The three-piece mold leaves a single horizontal line around the shoulder of the bottle, and vertical lines extending up either side of the shoulder. The height of these lines can vary from partway up the shoulder to nearly to the top of the neck. A turn-molded bottle has been rotated in the mold to erase mold marks and will exhibit faint horizontal scratches and striations on the body and neck.
Embossing, very popular after the Civil War, usually consists of the name of a company or product printed in raised letters on the sides or base of the bottle. Isolated numbers and letters on or just above the base are usually, but not always, mold numbers used by the manufacturer for identification. Embossed letters are sometimes carved into the body of the mold, but for smaller runs a plate mold, with a removable lettered plate on one or more sides, was used.

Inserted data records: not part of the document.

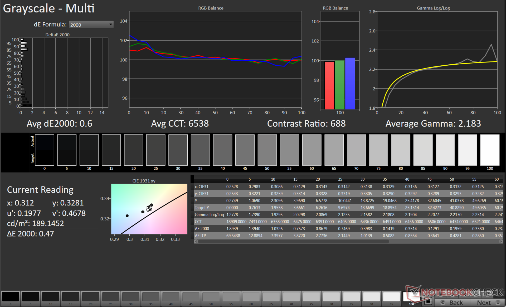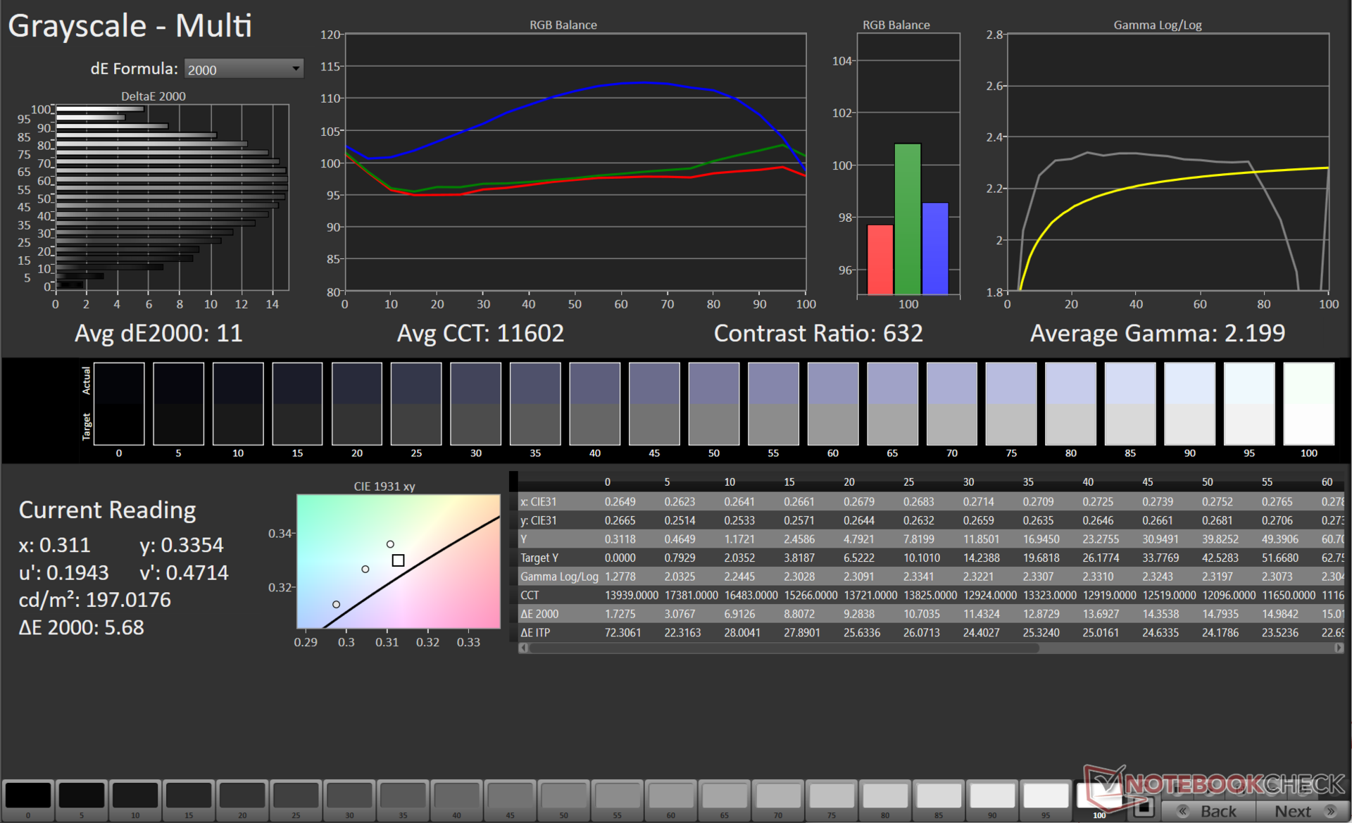 ΔE Greyscale Calman: 11 | ∀{0.09-98 Ø5}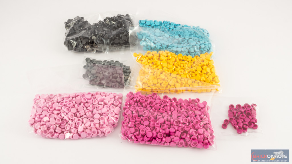 A noter parmi les pièces intéressantes de nouvelles couleurs pour les round tiles : dark pink (x587), magenta (x46) et medium azure (x587). Pour le moment, elles sont exclusives à cette boîte. Notez également la tile tampographiée avec la signature d’Andy Warhol.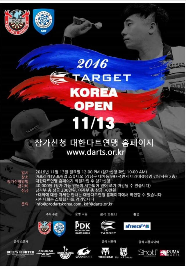 | WDF TARGET KOREA OPEN 2016 | 2016년 11월 13일 | 대회종료 | 아프리카TV | 대회결과 ➡ |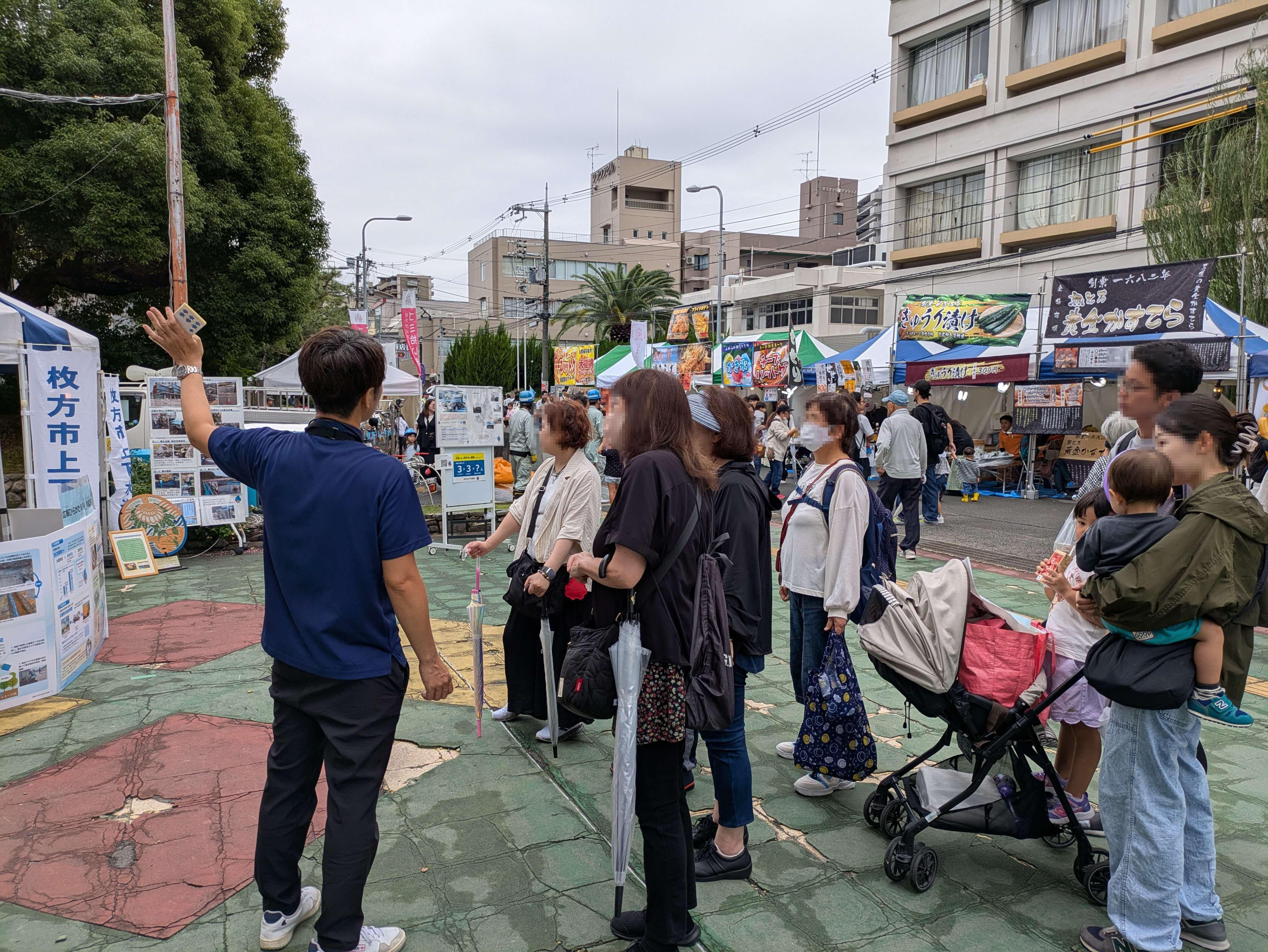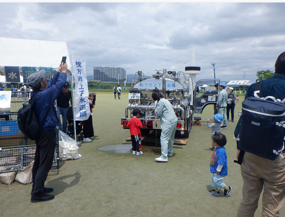 本ブースは、枚方市上下水道局の各種取り組みについて、市民の皆さまに理解を深めていただくことを目的とし、「枚方の水」のおいしさを体感できる利き水体験、能登半島地震時に実施した穴水町への給水活動のパネル展示、給水車による圧送訓練の実演や下水道クイズ等を実施しました。

Mold lines on bottles finished with a specialized lipping tool are usually obliterated by faint horizontal striations extending to about a quarter inch below the lip. The two-piece blow-back mold, however, leaves mold seams to the very edge of the lip, and a lip surface that has been ground smooth rather than shaped with a lipping tool.
A pontil mark is a circular scar left on the base by the iron rod used to hold the bottle for finishing the neck and lip. Although there are many different methods of empontilling, only two types of marks were found on bottles from the Middleton Place privy. One is a “sand pontil mark,” a roughened grainy area covering most of the base, apparently the result of dipping the glasscoated pontil iron in sand before attaching it. The other is a “blow-pipe pontil mark,” which results from empontilling a bottle with the same pipe that was used to blow it. A blow-pipe mark is a distinct ring of glass the same size as the bottle neck.
Pressed glass is formed with a plunger in a mold on one or more pieces. Pressed glass items are comparatively thick-walled, have smooth molded lips, usually with mold seams, and often are distinguished by a short, straight shear mark, like an isolated mold line, on the inside base. This mark is from the severing of the “gob” of glass before it is dropped into the mold. Bottles that are made on either automatic or semi-automatic machines will have mold lines encircling the top of the lip, as well as on the sides and base.